:: Try it ::
Take nothing but the lines from the one with "Bodysuit made of" through the one with "1girl, rating:general, amazing" in the entries below, both ends kept, and return them exactly with pictures left out.

:: Data shown ::
======
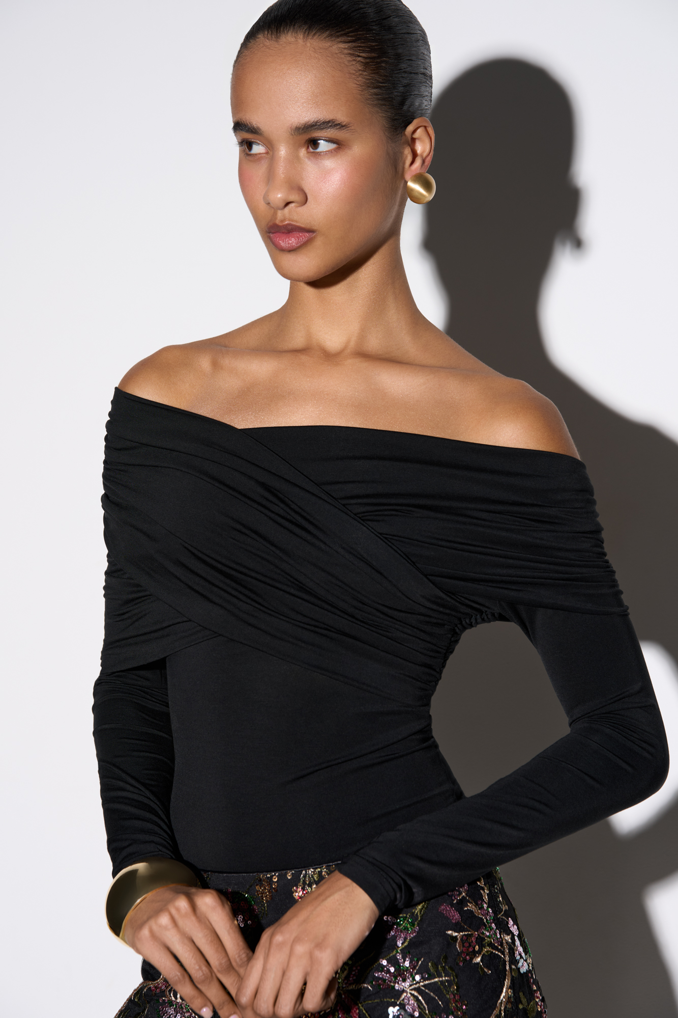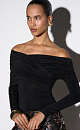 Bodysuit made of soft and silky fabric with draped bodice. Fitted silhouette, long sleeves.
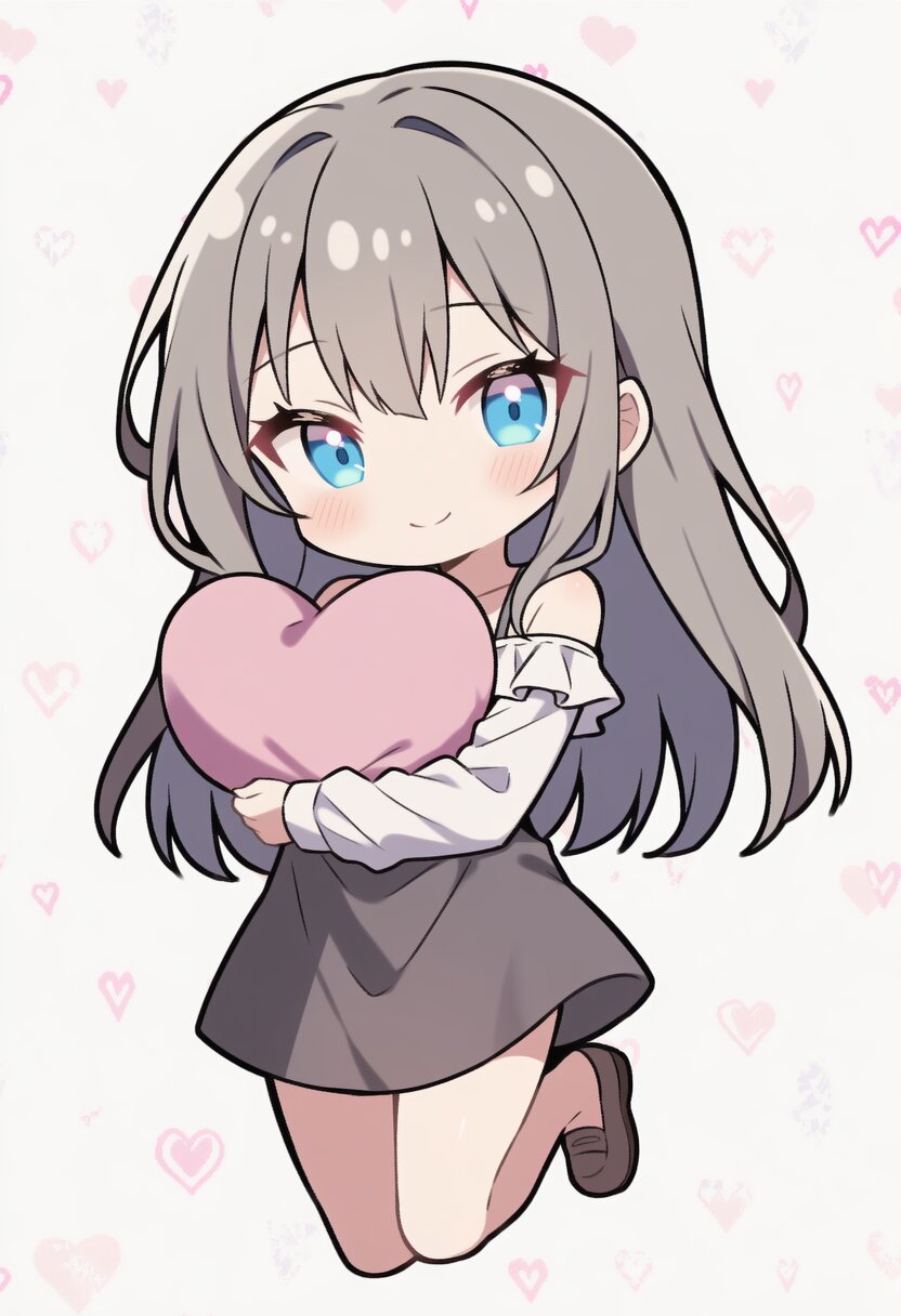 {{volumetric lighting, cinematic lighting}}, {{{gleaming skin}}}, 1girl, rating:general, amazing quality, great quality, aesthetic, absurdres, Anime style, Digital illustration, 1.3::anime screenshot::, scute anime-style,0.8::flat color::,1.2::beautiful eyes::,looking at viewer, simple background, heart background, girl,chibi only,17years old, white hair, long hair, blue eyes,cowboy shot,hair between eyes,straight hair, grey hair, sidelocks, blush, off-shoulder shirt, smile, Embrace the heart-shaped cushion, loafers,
======
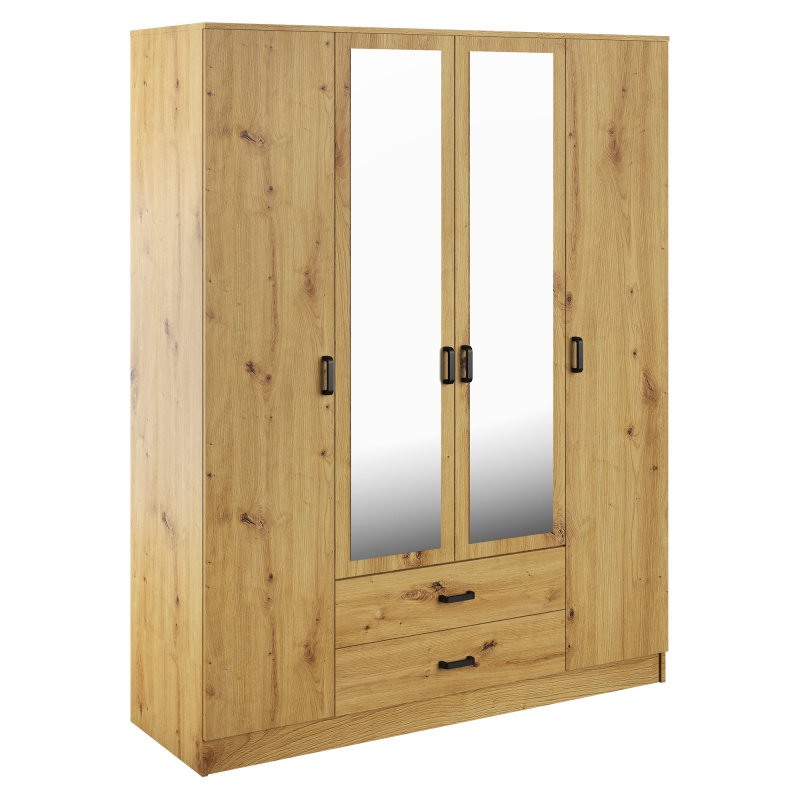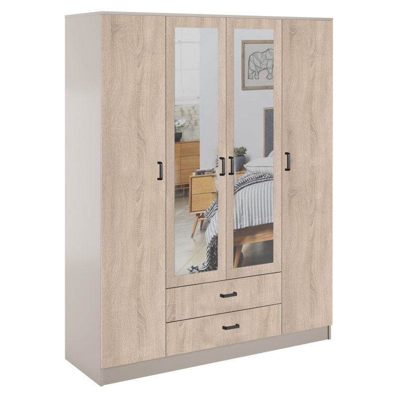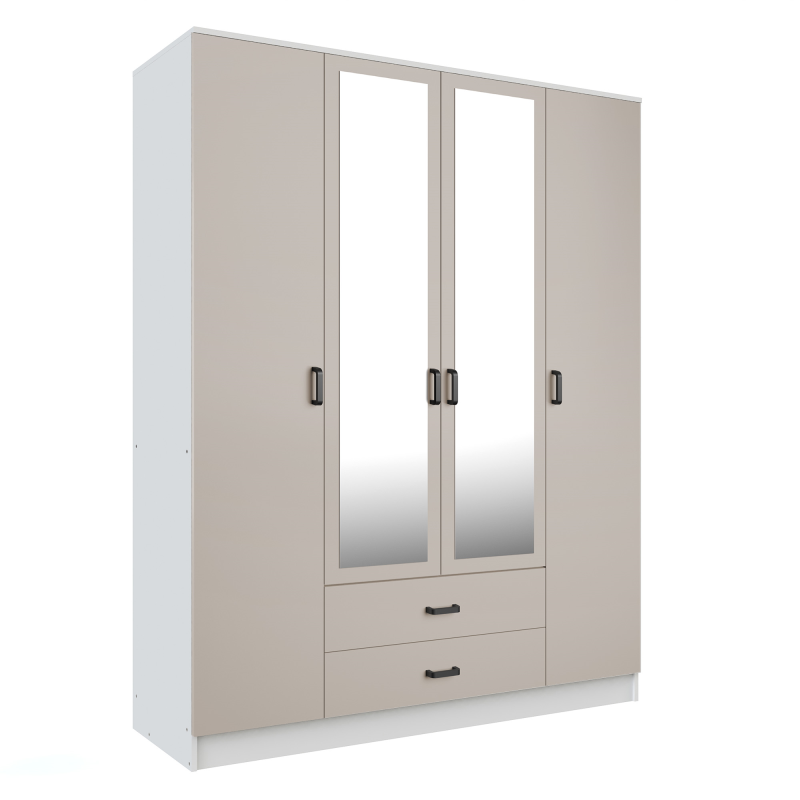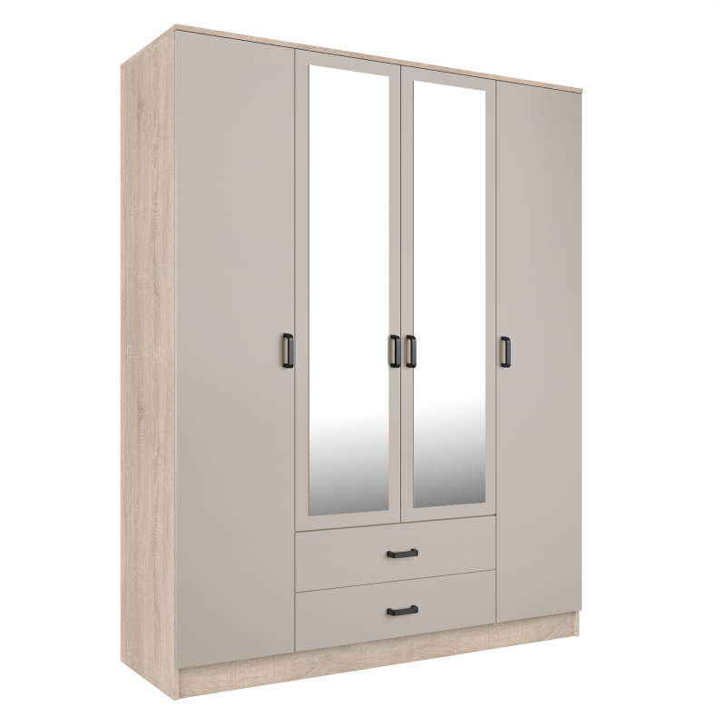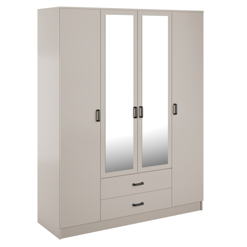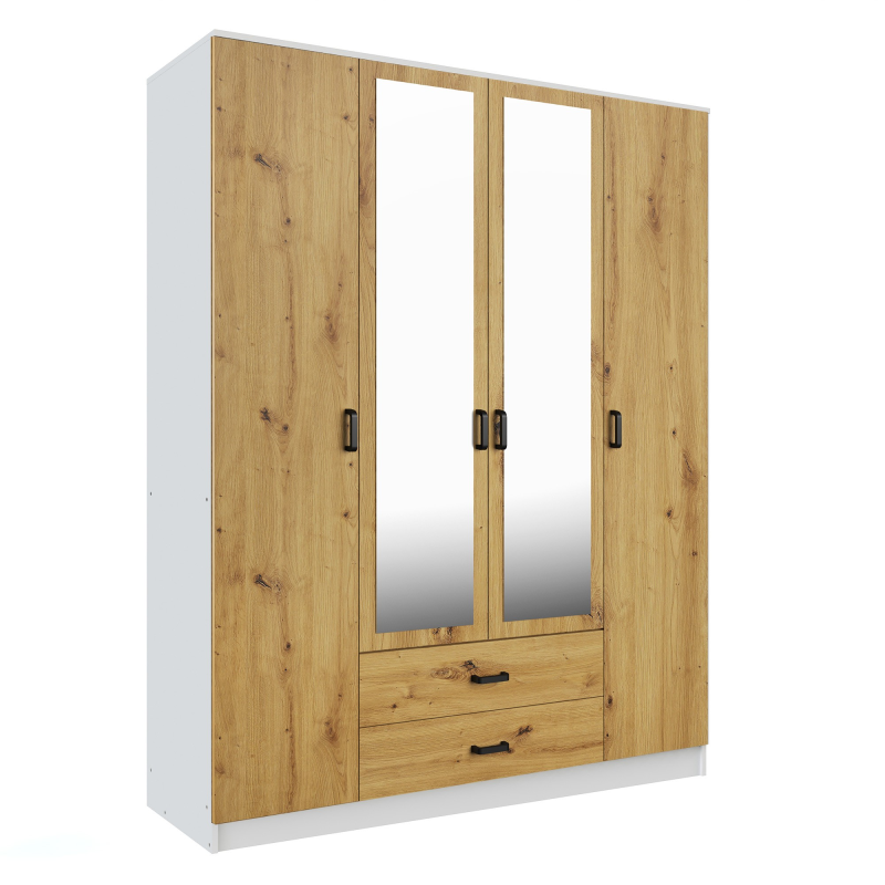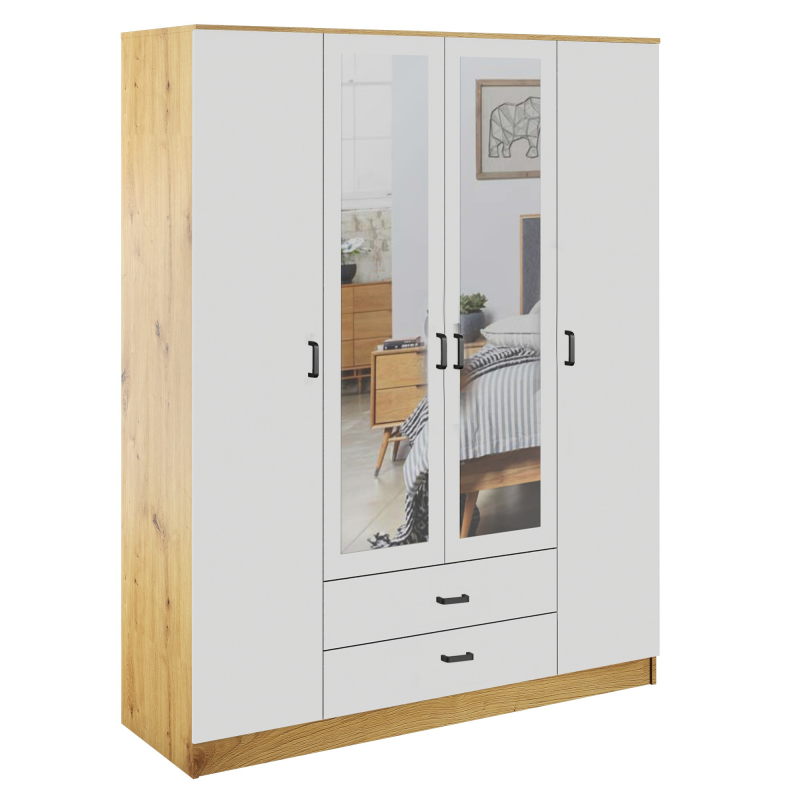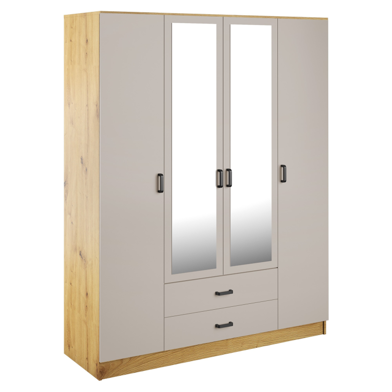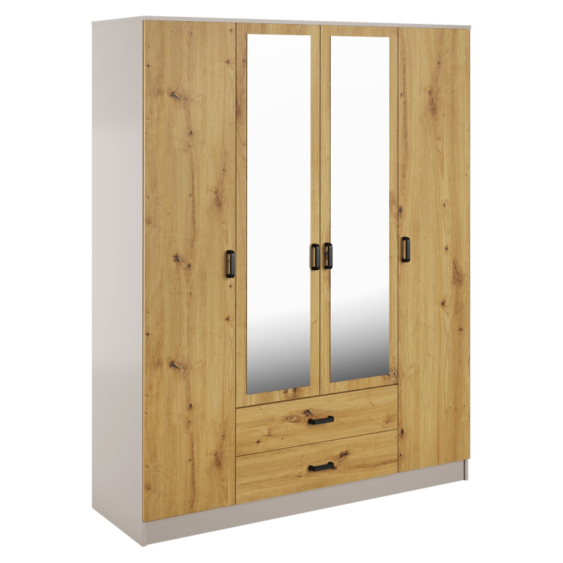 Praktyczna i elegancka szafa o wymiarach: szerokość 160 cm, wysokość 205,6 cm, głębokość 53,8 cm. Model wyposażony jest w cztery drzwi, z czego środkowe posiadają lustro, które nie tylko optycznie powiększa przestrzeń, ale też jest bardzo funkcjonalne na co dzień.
======
:: Answer for the task ::
 Bodysuit made of soft and silky fabric with draped bodice. Fitted silhouette, long sleeves.
 {{volumetric lighting, cinematic lighting}}, {{{gleaming skin}}}, 1girl, rating:general, amazing quality, great quality, aesthetic, absurdres, Anime style, Digital illustration, 1.3::anime screenshot::, scute anime-style,0.8::flat color::,1.2::beautiful eyes::,looking at viewer, simple background, heart background, girl,chibi only,17years old, white hair, long hair, blue eyes,cowboy shot,hair between eyes,straight hair, grey hair, sidelocks, blush, off-shoulder shirt, smile, Embrace the heart-shaped cushion, loafers,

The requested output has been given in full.